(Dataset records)
####################

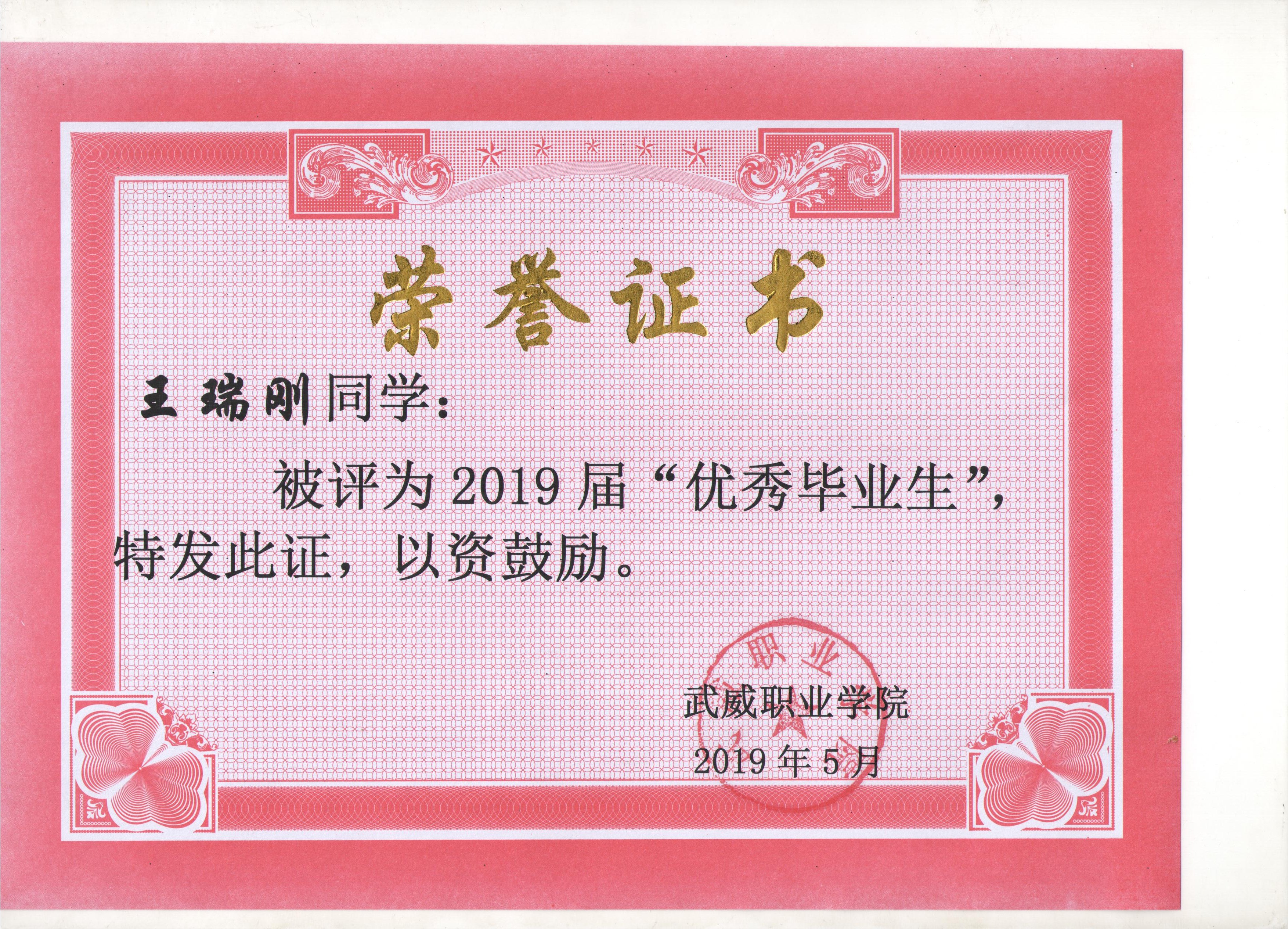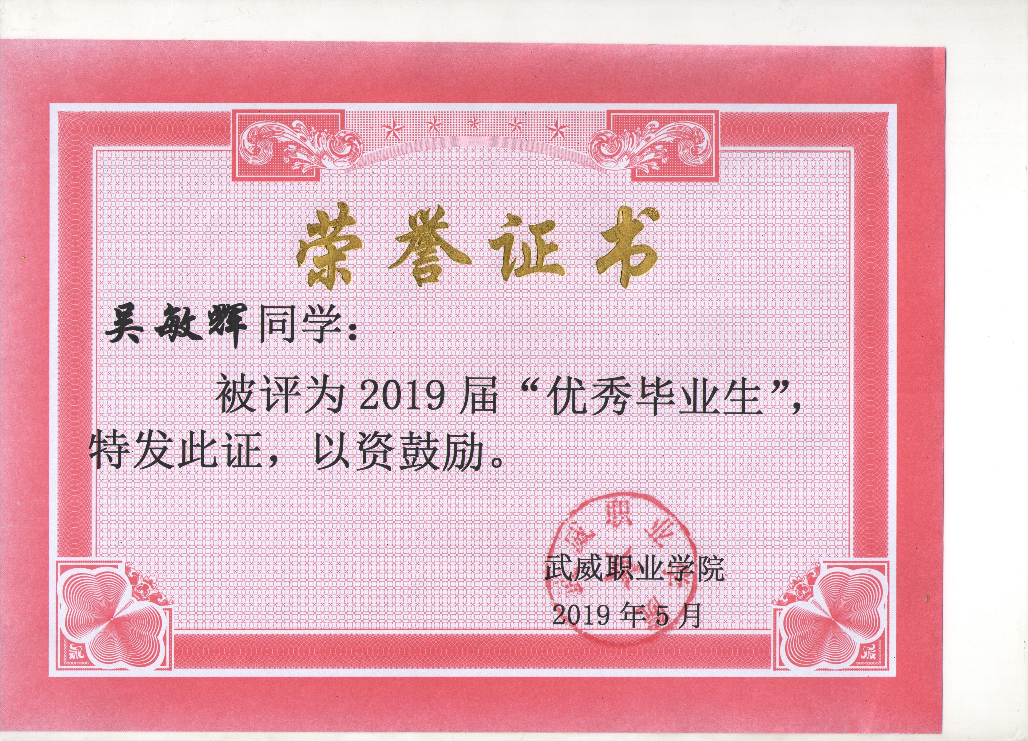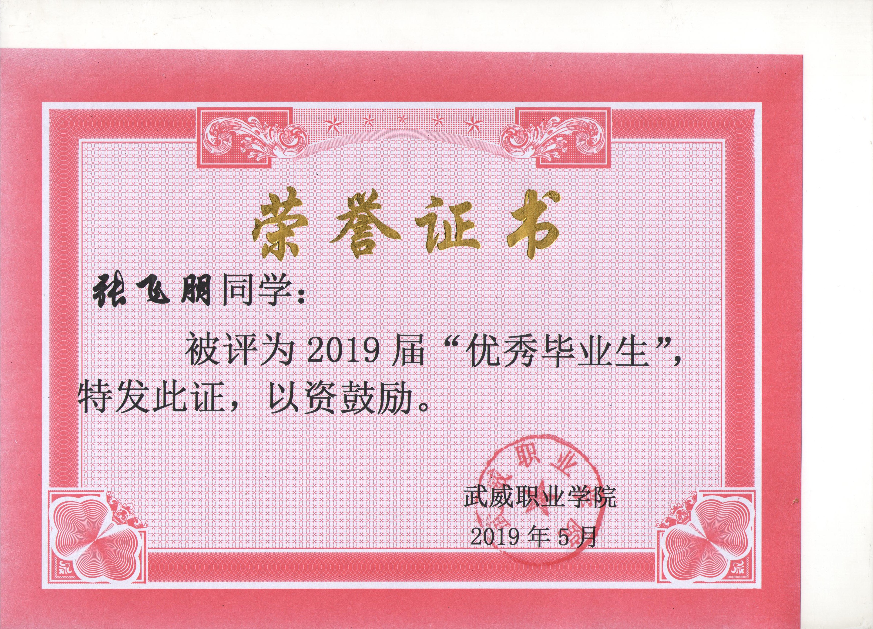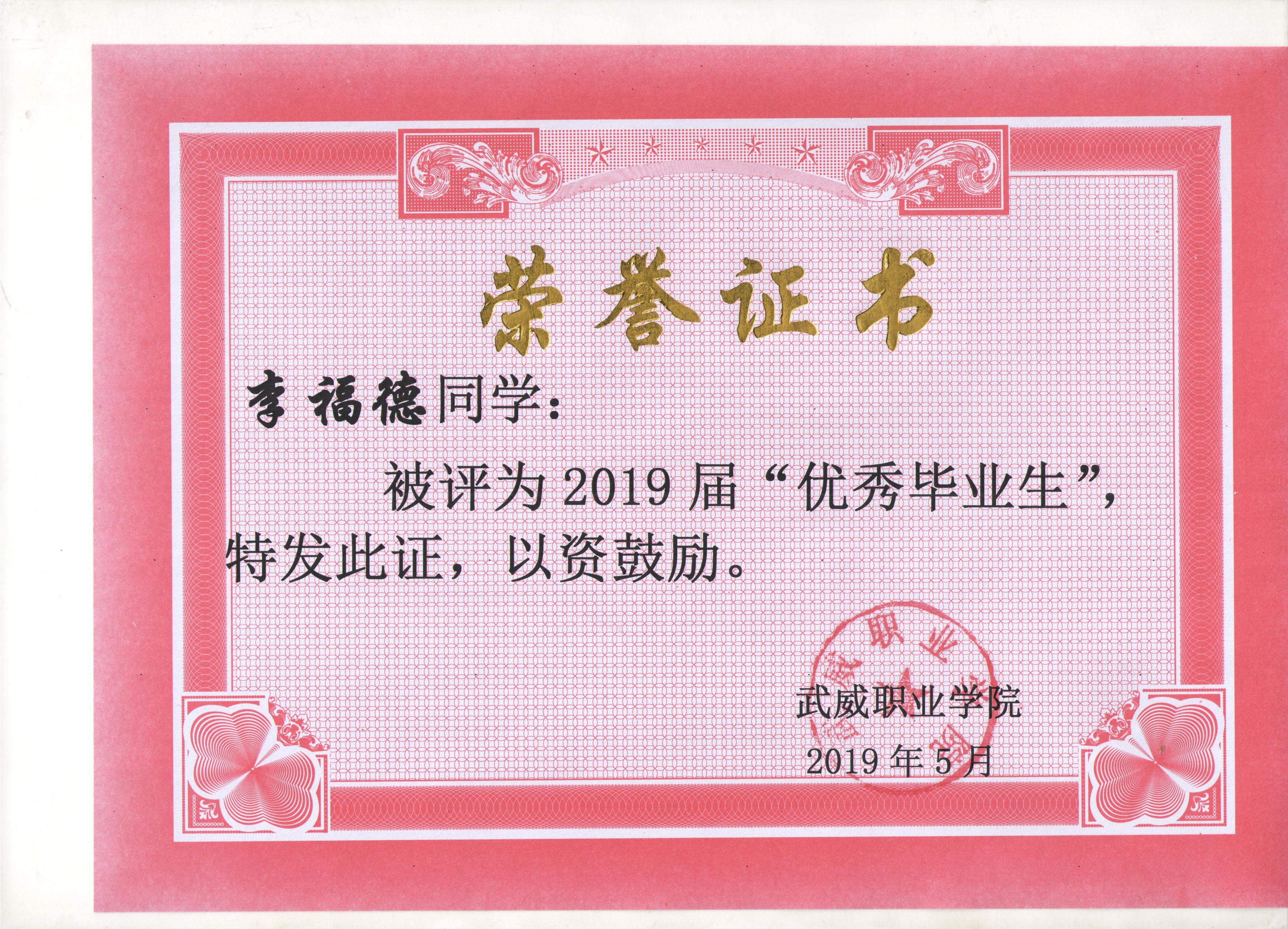 我系蔡少榮等19名同學(xué)榮獲武威職業(yè)學(xué)院2019屆“優(yōu)秀畢業(yè)生”榮譽(yù)稱號(hào)
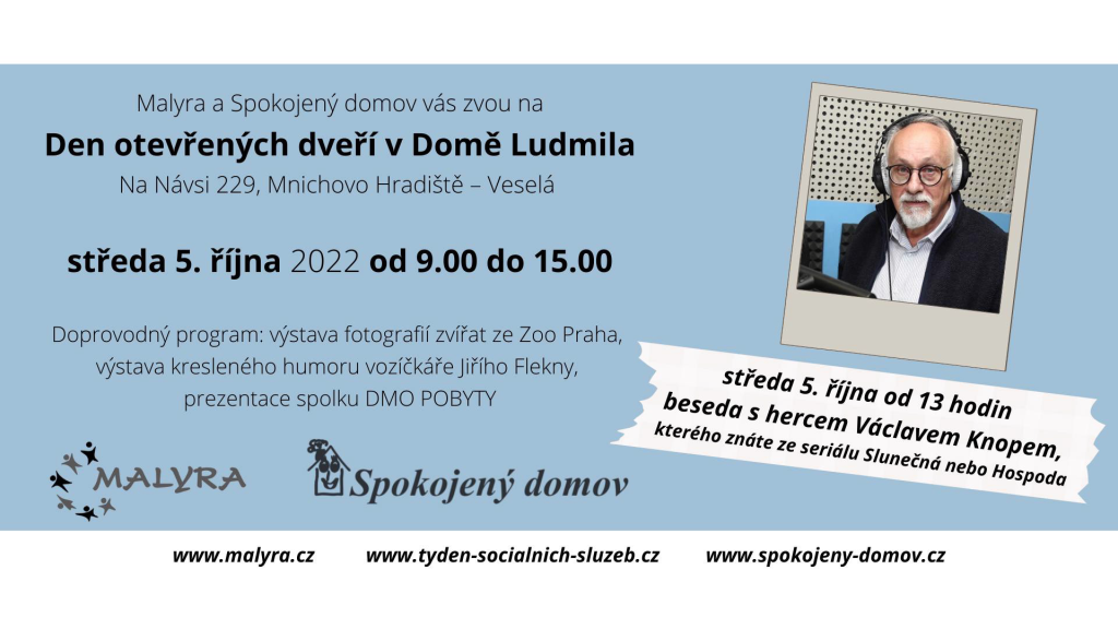 Malyra spolu se Spokojeným domovem pořádají ve středu 5. října 2022 od 13 hodin v Domě Ludmila (Na Návsi 229, Veselá) besedu s hercem a dabérem Václavem Knopem.
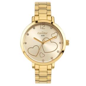 O modelo traz uma combinação incrível entre o banho dourado com mostrador champanhe, resistência de 50m, caixa redonda com 41mm, pulseira de aço dourada e maquinismo analógico.
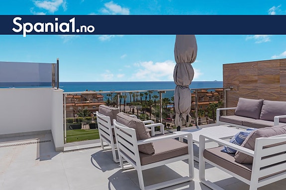 I ettertraktede Cabo Roig, kun et kort gangavstand fra strand, restauranter, marina og servicetilbud, ligger denne toppleiligheten med store utearealer og utsikt mot Middelhavet. Området regnes som et av de mest etablerte og populære langs Orihuela Costa, med et godt miljø året rundt og nærhet til alt man trenger i hverdagen og i ferier.
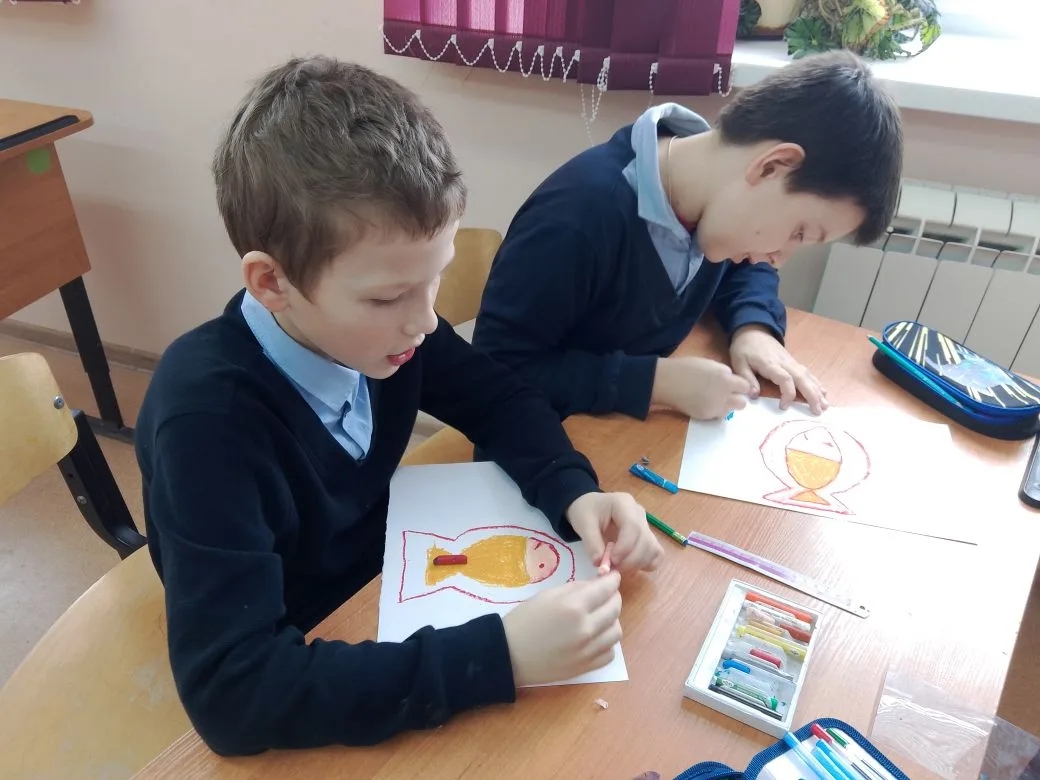 На этот раз занятие было посвящено углублённому знакомству с Символом веры — основой православного вероучения. Ребята активно участвовали в беседе: разбирали непростые, но важные богословские истины доступным для детей языком. А чтобы закрепить услышанное, юные участники взялись за кисти и карандаши — рисовали символы христианства, стараясь через образы выразить то, что только что открыли для себя в слове.
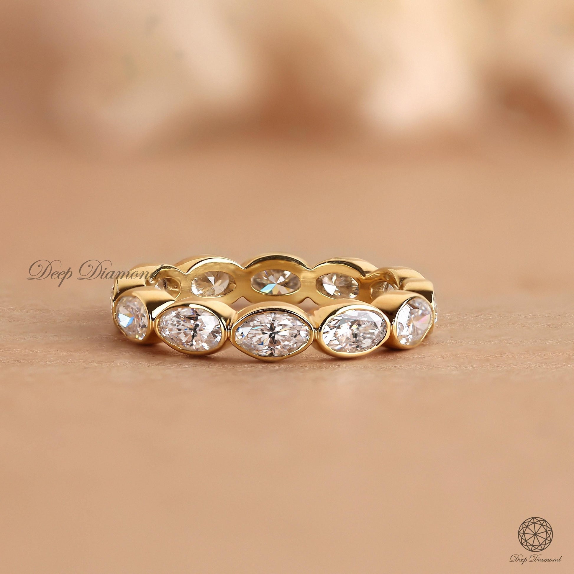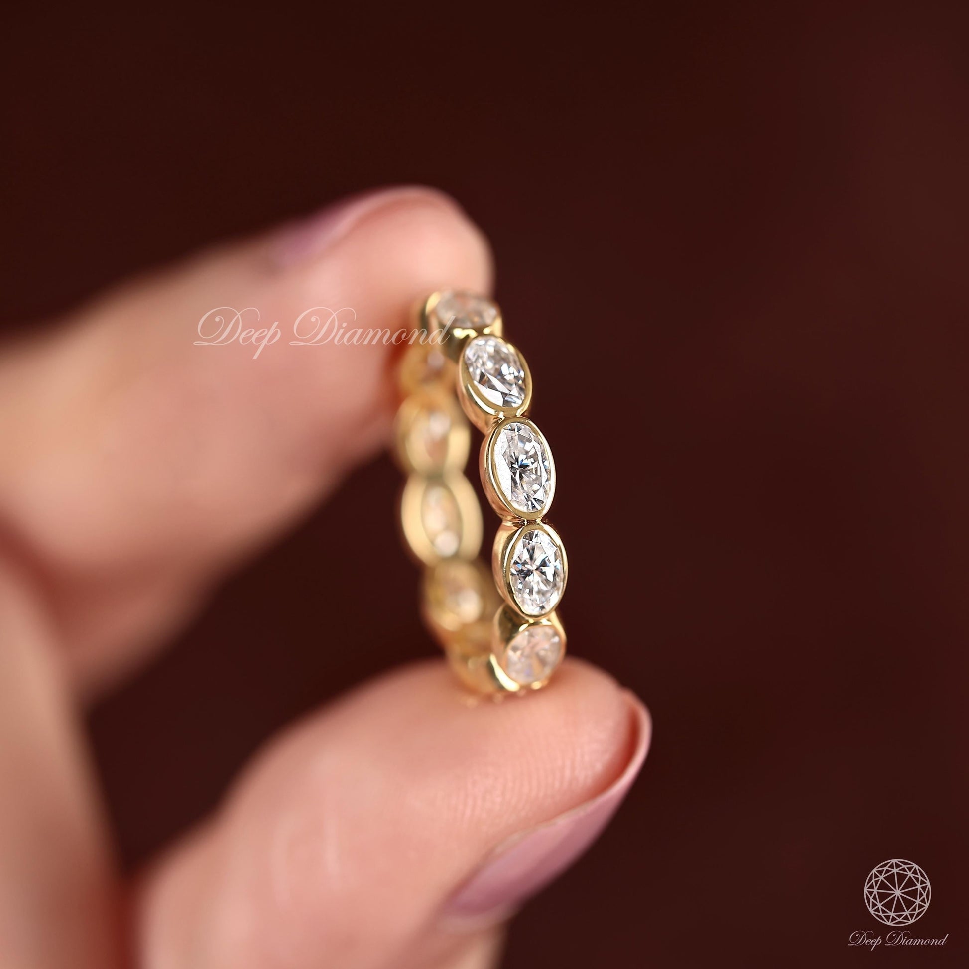 Crafted with EFG color, VS/VVS1 clarity lab diamonds, this oval cut bezel set eternity band is designed for comfort and brilliance. Set east to west in 10K to 18K solid gold, it's perfect for stacking, matching, or wearing solo. A timeless symbol of love and commitment. Order today and make it yours! Handmade by DEEPDIAMOND.
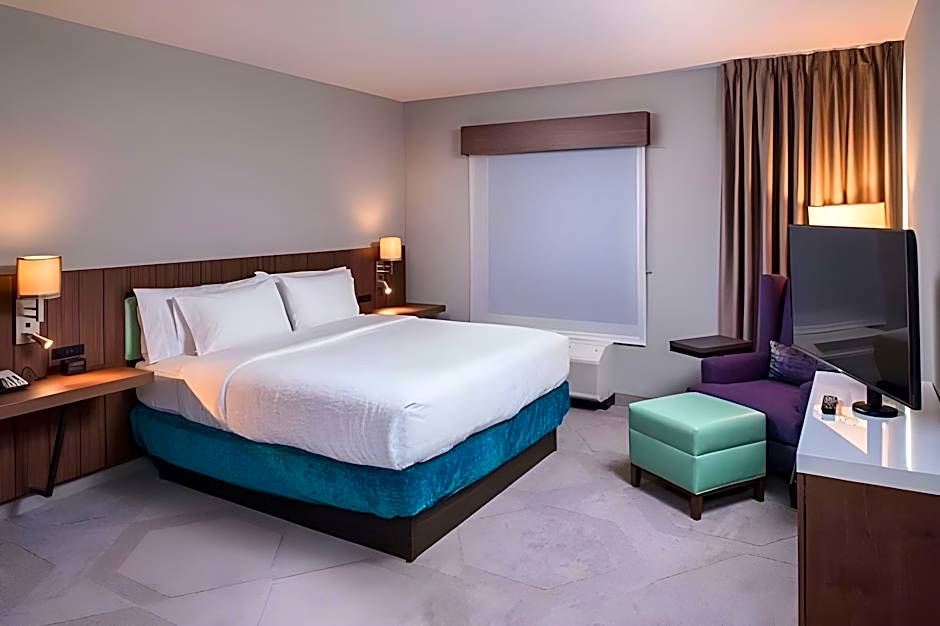 The check in process was easy, staff was friendly, and the room smelled SO GOOD when we first walked in! The bed was comfortable and the bathroom was stocked with towels, shampoo, conditioner, soap, and even a makeup wipe! There was a nice Keurig coffee machine in the room, with coffee cups, sugar, a sugar substitute, and stir sticks. The rooftop lounge/grill was really beautiful with a great mature & classy vibe & is definitely a must see!!!

####################

> **DIRECTIONS**
Up to and including the line containing "Malyra spolu se", repeat every line from the start of the data, but none of the pictures.

> **WRITTEN SOLUTION**
 我系蔡少榮等19名同學(xué)榮獲武威職業(yè)學(xué)院2019屆“優(yōu)秀畢業(yè)生”榮譽(yù)稱號(hào)
 Malyra spolu se Spokojeným domovem pořádají ve středu 5. října 2022 od 13 hodin v Domě Ludmila (Na Návsi 229, Veselá) besedu s hercem a dabérem Václavem Knopem.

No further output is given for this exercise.